Vittorio Bachelet (20 February 1926 – 12 February 1980) was an Italian academic and politician, former vice president of the High Council of the Judiciary.

On 12 February 1980, he was ambushed and murdered by the Red Brigades.

Biography 
After having attended the Azione Cattolica association, Bachelet joined the Italian Catholic Federation of University Students and graduated in Law at the Sapienza University of Rome, where he later taught.
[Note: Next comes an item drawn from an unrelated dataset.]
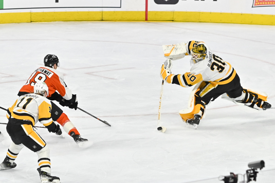 Goalie Samuel Ersson #33 of the Philadelphia Flyers stops a wraparound shot by Anthony Beauvillier #72 of the Pittsburgh Penguins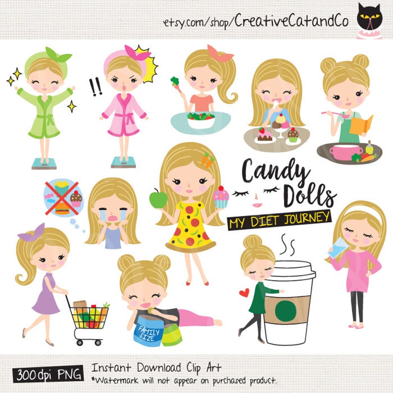 Charm Girls Weight Loss Clipart Cute But Functional Digital Graphics Great For Create Planner Stickers With Cut Machines Commercial Use Ok

He also taught in other Universities in Pavia and Trieste.

In 1959, Bachelet was appointed vice president of Azione Cattolica by Pope John XXIII, while in 1964 he was appointed President by Pope Paul VI.

Bachelet joined Christian Democracy, being very close to Aldo Moro, and in 1976 was elected vice president of the High Council of the Judiciary (elected by all the political parties in the Parliament), after having been for a few months a city councilor in Rome.

On 12 February 1980, at the end of a lesson, while talking with his assistant Rosy Bindi, Bachelet was shot and killed by an armed group of the Red Brigades, on the mezzanine of the staircase of the Faculty of Political Sciences of La Sapienza. His funeral took place two days later at the San Roberto Bellarmino Church and was attended by President Sandro Pertini and Prime minister Francesco Cossiga.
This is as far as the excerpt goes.